The upper incisor teeth slightly overlap the lower incisors. The lower canine tooth (fang) sits between the upper canine tooth and 3rd incisor. The premolar teeth do not touch each other and form zigzag-like pattern between the upper and lower premolars. The large upper 4th premolar tooth rests on the cheek side of the lower first molar. This tooth is also known as the upper carnassial tooth. The molars are not visible in this image.

 

Figure 3. Type I malocclusion.  

Known as a canine overbite, the upper canine tooth is sitting in front of the lower canine tooth and is pointed forward. This is referred to as a mesioverted or “lance” canine tooth.

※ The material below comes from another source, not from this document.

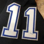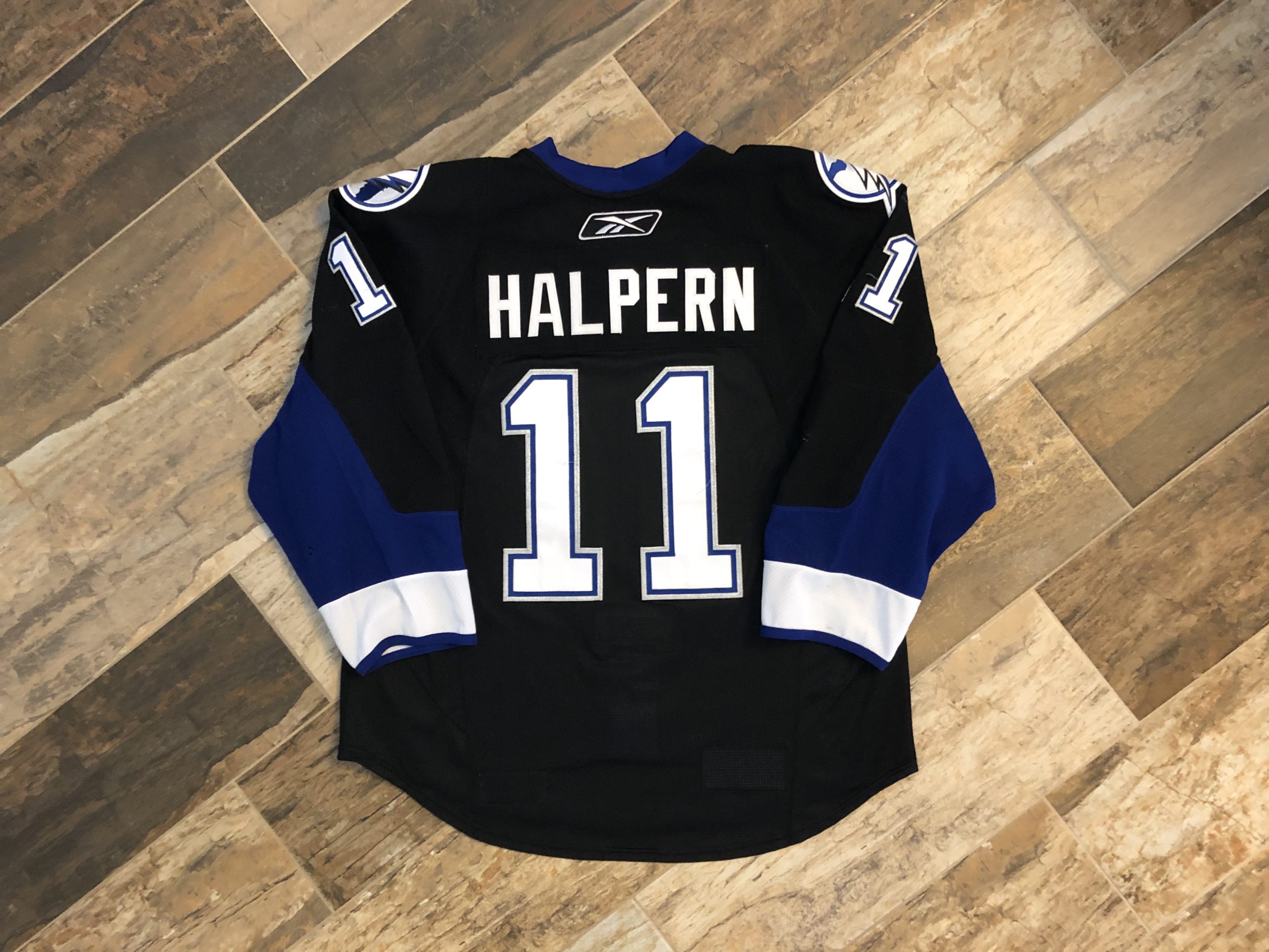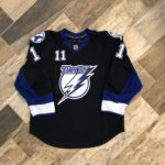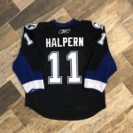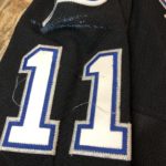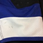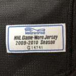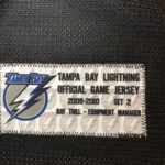 This jersey has quite a few board burns scattered around it. The jersey has a few black marks and some loose threads. It is photomatched to a hole on the left arm and a board burn above the numbers on the right arm. This was from Jeff’s final season with the Lightning. He is now assistant coach for the 2018-19 and 2019-20 team.

Compare this image to the normal occlusion in figure 2.

 

Figure 4. Type II malocclusion.

Also known as a canine overbite, the lower jaw is much shorter than normal (compare to Figure II)

 

Figure 5. Type III malocclusion.

Known as a canine underbite, the lower incisors are in front of the upper incisors and the lower canine tooth is resting against the back of the upper 3rd incisor. This bite is common in brachycephalic breeds, such as boxers and pugs.

 

Figure 6. Type IV malocclusion.

Each side of the mandible developed at different rates resulting in a deviation to the left side.  Note how the right lower canine is poking into the palate (roof) of the mouth. This is a significant source of pain for this patient.